Jan Garbarek tenor and soprano saxophones, wood flute
Kjell Johnsen pipe organ
Recorded December 1979 at Engelbrektskyrkan, Stockholm
Engineer: Jan Erik Kongshaug
Produced by Manfred Eicher
If improvisation is a form of meditation, then meditation is also a form of improvisation. In being at peace with what one plays, one lives it.
Jan Garbarek is, of course, one of ECM’s longest standing composers and saxophonists, yet he is first and foremost a spectacular improviser who often manages to reach farther than (I imagine) even his own expectations in touching new melodic concepts. Paired with the Spheres-like church organ of Kjell Johnsen, he plumbs the depths of spiritual and physical awareness in a way that few of his albums have since. Here more than anywhere else, he shapes reverberation into its own spiritualism, exploring every curve of his surrounding architecture, every carved piece of wood and masonry.
The title track opens with a viscous solemnity, ever in shadow, while “Syn” reaps even more intense crops from the ethereal harvest it has sown. A trio of miniatures clustered around the session’s center reaches even more intimately into its heartbeat. “Kilden” seems to drip from the chapel ceiling like a weeping fresco.
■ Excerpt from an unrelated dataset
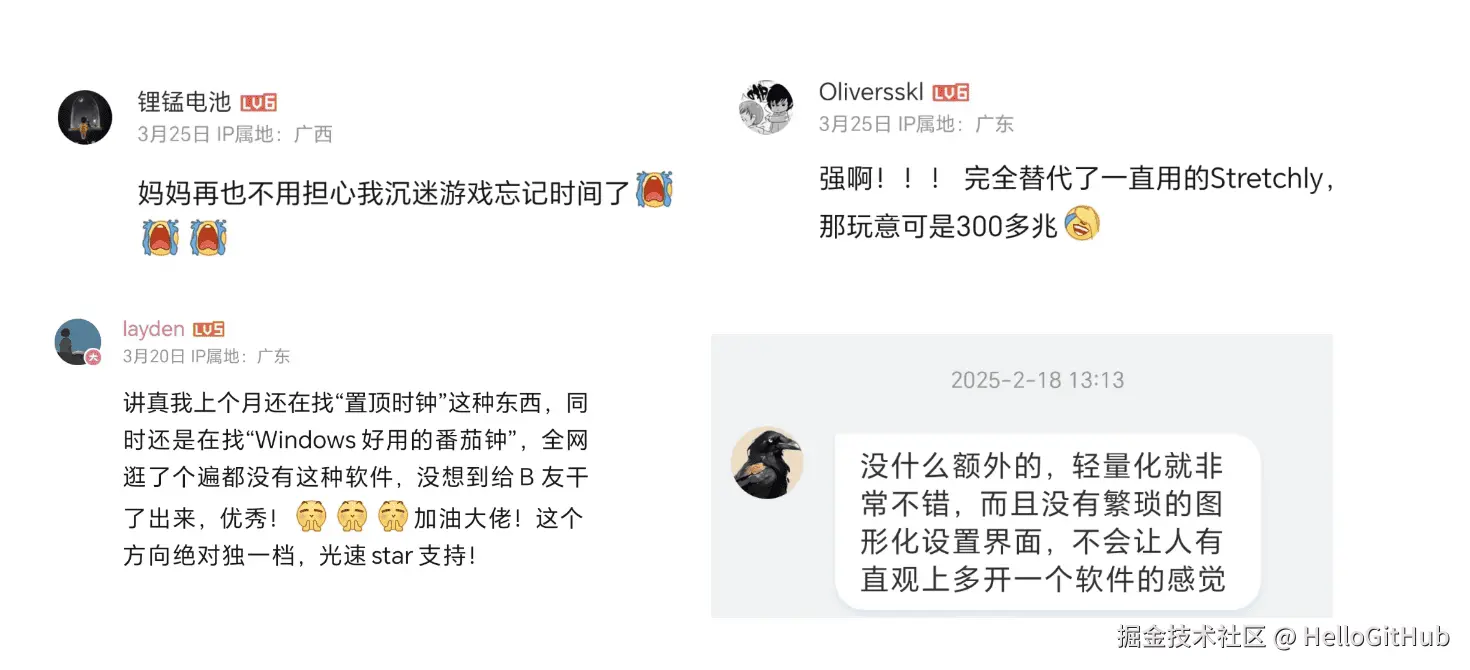 原本以为软件做到这里就足够了。然而,随着项目开源和第一个演示视频的发布,Catime 意外地收获了大量用户的奇思妙想、建设性反馈和热情的支持。

Garbarek unveils the rare recorders for a more playful exchange in “Spill.” “Iskirken” grips the heart with its piercing keen, dividing cloud and rain with the light of grief that shines like no other in times of greatest darkness. Lastly, the hurdy-gurdy drone of “Tegn” strings a delicate safety net for Garbarek’s robust defenestration.
This album predates his later Officium project by fourteen years, but is in parts just as effective in its vaulted evocations of hidden chants and invisible voices. At times, it also reminds me of the Licht/Haino/Hamilton/MLW one-off, Gerry Miles, only with less turbulent folds.
This is a pensive album, an unsung classic in the Garbarek oeuvre, filled with more than enough revelations to lodge a place in your musical heart.